Symmetric matrices: for A = [1 2;2 4], P = [1 3;3 6]; using B = P^-1*A*P...

[shreddinglicks]

Consider matrices A = [1 2;2 4] and P = [1 3;3 6]. Using B = P^-1*A*P, verify that similar matrices have the same eigenvalues. Find the eigenvectors y for B and show that x = P*y are eigenvectors of A.


I have

P^-1 = [-2 1;1 -.333]

B = [0 0;2.333 4.999]

eigenvalues for matrices A and B are 0 and 5.

eigenvectors, y are

x2*[0 1]
x2*[-2.14 1]

eigenvectors for matrix A are

x2*[-2 1]
x2*[.5 1]

P*y = [1 3;3 6]*[0 1 ; -2.14 1]

I get x = [3 .86;6 -.42]

What am I doing wrong?

 

[HallsofIvy]

Consider matrices A = [1 2;2 4] and P = [1 3;3 6]. Using B = P^-1*A*P, verify that similar matrices have the same eigenvalues.
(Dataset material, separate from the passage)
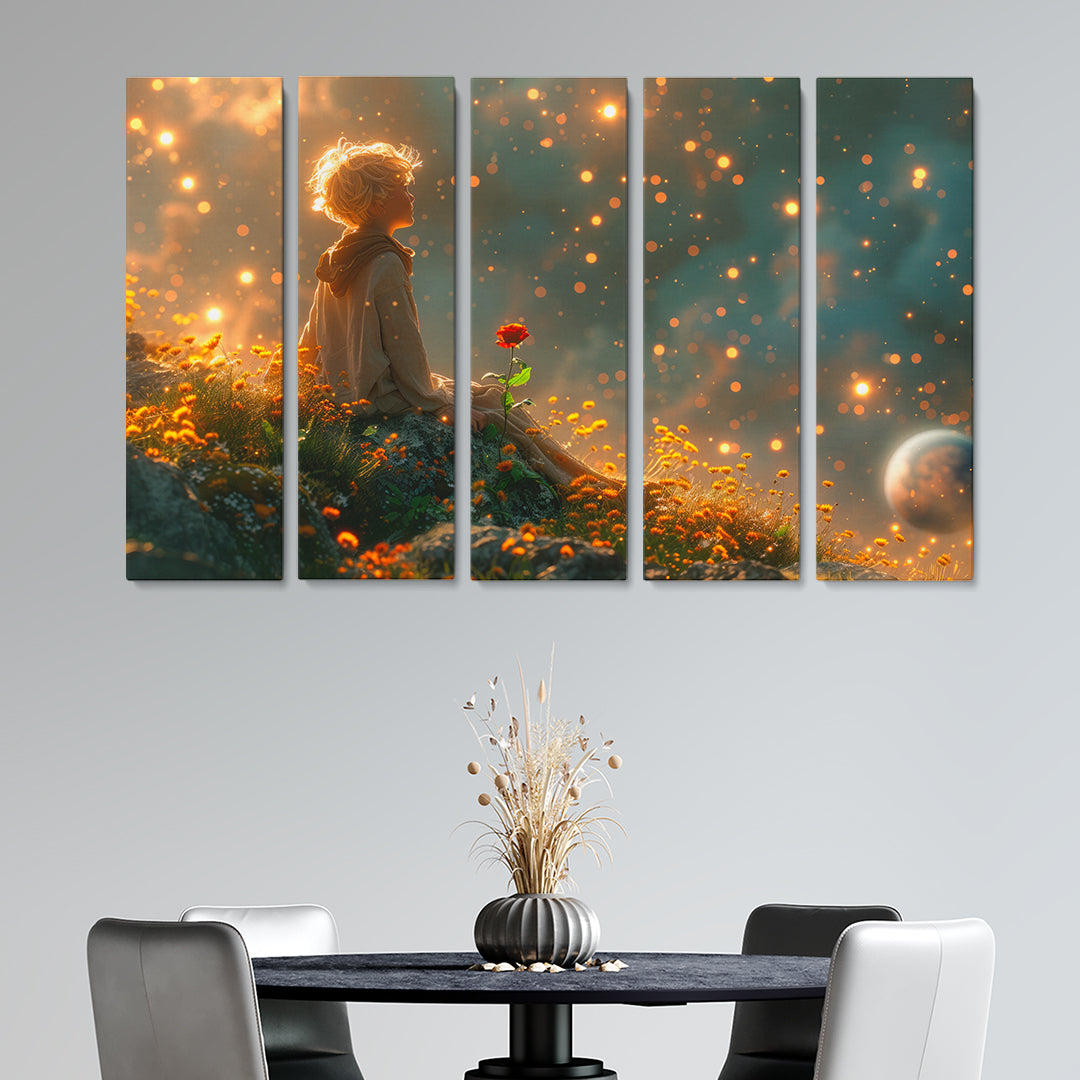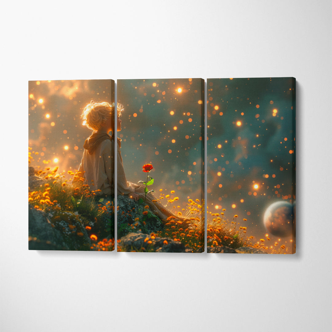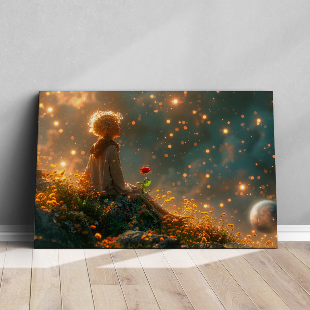 This canvas print features a young dreamer lost in a world of wonder, holding a single rose against a backdrop of magical glimmers. Its enchanting atmosphere is perfect for sparking imagination in a child’s room or adding a touch of whimsy to a cozy reading nook.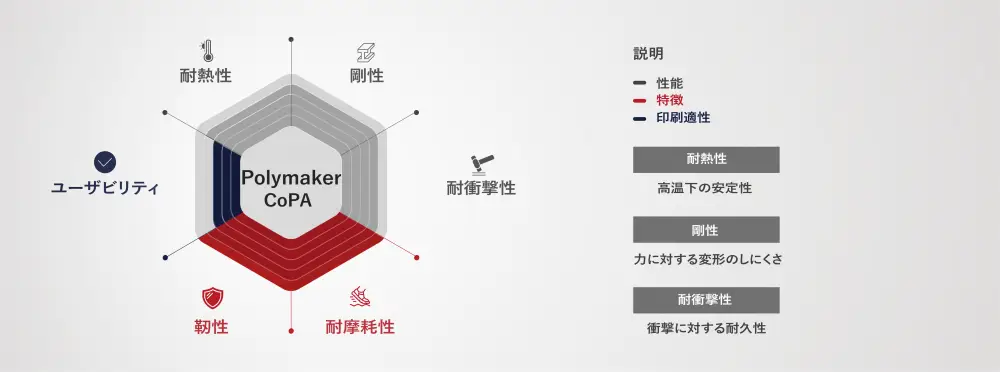 180℃の耐熱性(ビカット軟化温度) / 耐摩耗性 / 耐疲労性 / 潤滑性 / 強靭性 / 低反り

Find the eigenvectors y for B and show that x = P*y are eigenvectors of A.


I have

P^-1 = [-2 1;1 -.333]

B = [0 0;2.333 4.999]

More precisely, B= [0 0, 7/3 5]

eigenvalues for matrices A and B are 0 and 5.

Yes, that is correct.

eigenvectors, y are

x2*[0 1]
x2*[-2.14 1]

Do you mean the eigenvectors of B?
Yes, an eigenvector of B corresponding to eigenvalue 5 is any multiple of [0, 1]. But for eigenvalue 0, we must have \(\displaystyle \begin{bmatrix}0 & 0 \\ 7/3 & 5 \end{bmatrix}\begin{bmatrix}x \\ y \end{bmatrix}= \begin{bmatrix}0 \\ 7x/3+ 5y\end{bmatrix}= \begin{bmatrix}0 \\ 0 \end{bmatrix}\).

So 7x/3+ 5y= 0, y= (-7/15)x. Taking x= 15, y= -7 so any eigenvalue corresponding to eigenvalue 0 is a multiple of \(\displaystyle \begin{bmatrix}15 & -7\end{bmatrix}\). Or taking y= 1, x= -15/7 which is approximately 2.14.

eigenvectors for matrix A are
x2*[-2 1]
x2*[.5 1]

Yes, those are correct.

P*y = [1 3;3 6]*[0 1 ; -2.14 1]

I get x = [3 .86;6 -.42]

What am I doing wrong?

 

[shreddinglicks]

I'm confused, so my values of x = [3 .86;6 -.42] is correct?

How does this show that x = P*y are eigenvectors of A?